## Task statement
Pictures must be left out. Print the lines from the beginning of the material through the line holding "La frase, tradotta", exactly and nothing else.

## Data shown
◆ ◆ ◆ ◆ ◆ ◆ ◆
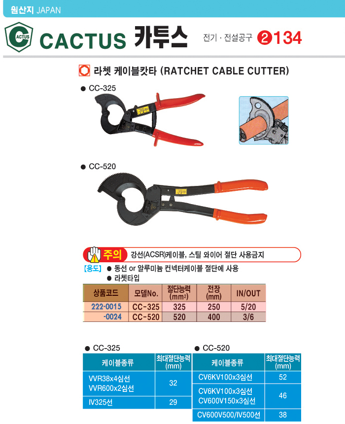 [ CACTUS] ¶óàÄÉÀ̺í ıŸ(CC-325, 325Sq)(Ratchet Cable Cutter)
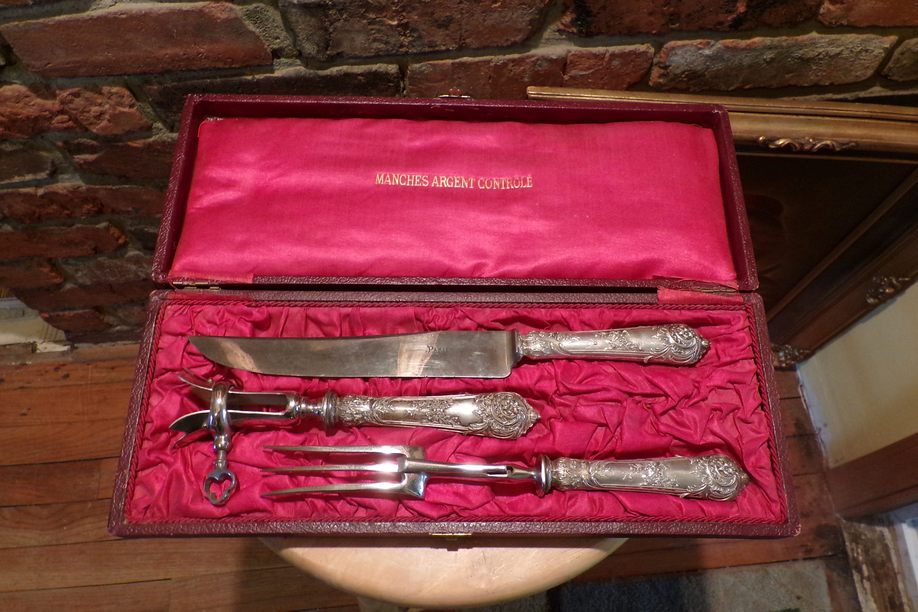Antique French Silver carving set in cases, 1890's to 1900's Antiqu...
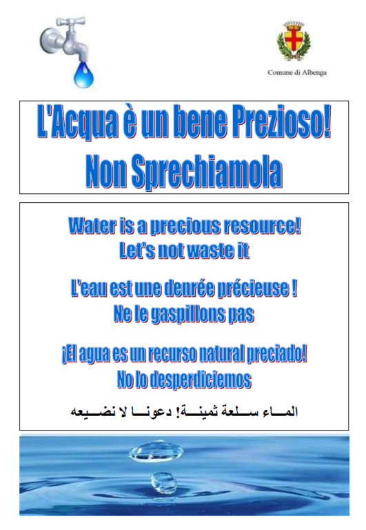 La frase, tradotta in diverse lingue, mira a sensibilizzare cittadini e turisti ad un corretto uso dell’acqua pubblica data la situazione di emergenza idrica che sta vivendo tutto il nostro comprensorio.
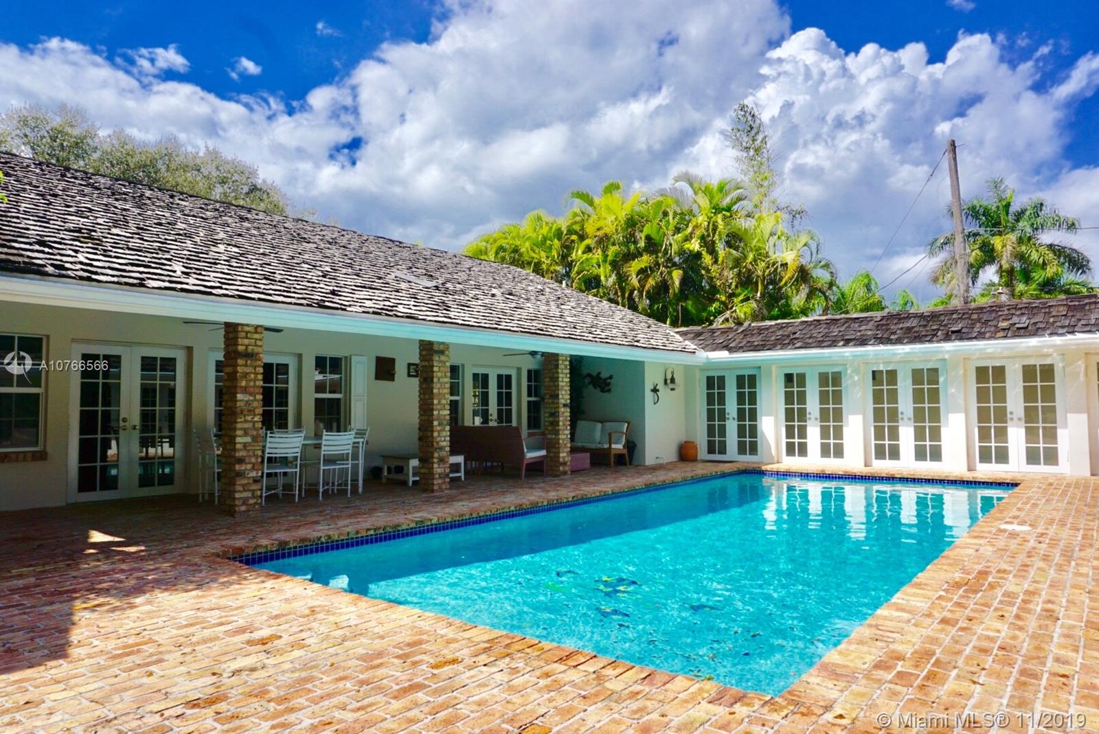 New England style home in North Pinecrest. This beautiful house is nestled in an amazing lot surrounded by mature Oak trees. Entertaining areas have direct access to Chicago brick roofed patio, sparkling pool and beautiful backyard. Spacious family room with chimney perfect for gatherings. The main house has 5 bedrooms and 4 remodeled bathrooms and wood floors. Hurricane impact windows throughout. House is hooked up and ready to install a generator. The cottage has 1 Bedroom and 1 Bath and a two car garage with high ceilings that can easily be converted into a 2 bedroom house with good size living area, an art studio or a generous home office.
◆ ◆ ◆ ◆ ◆ ◆ ◆
## Task result
 [ CACTUS] ¶óàÄÉÀ̺í ıŸ(CC-325, 325Sq)(Ratchet Cable Cutter)
Antique French Silver carving set in cases, 1890's to 1900's Antiqu...
 La frase, tradotta in diverse lingue, mira a sensibilizzare cittadini e turisti ad un corretto uso dell’acqua pubblica data la situazione di emergenza idrica che sta vivendo tutto il nostro comprensorio.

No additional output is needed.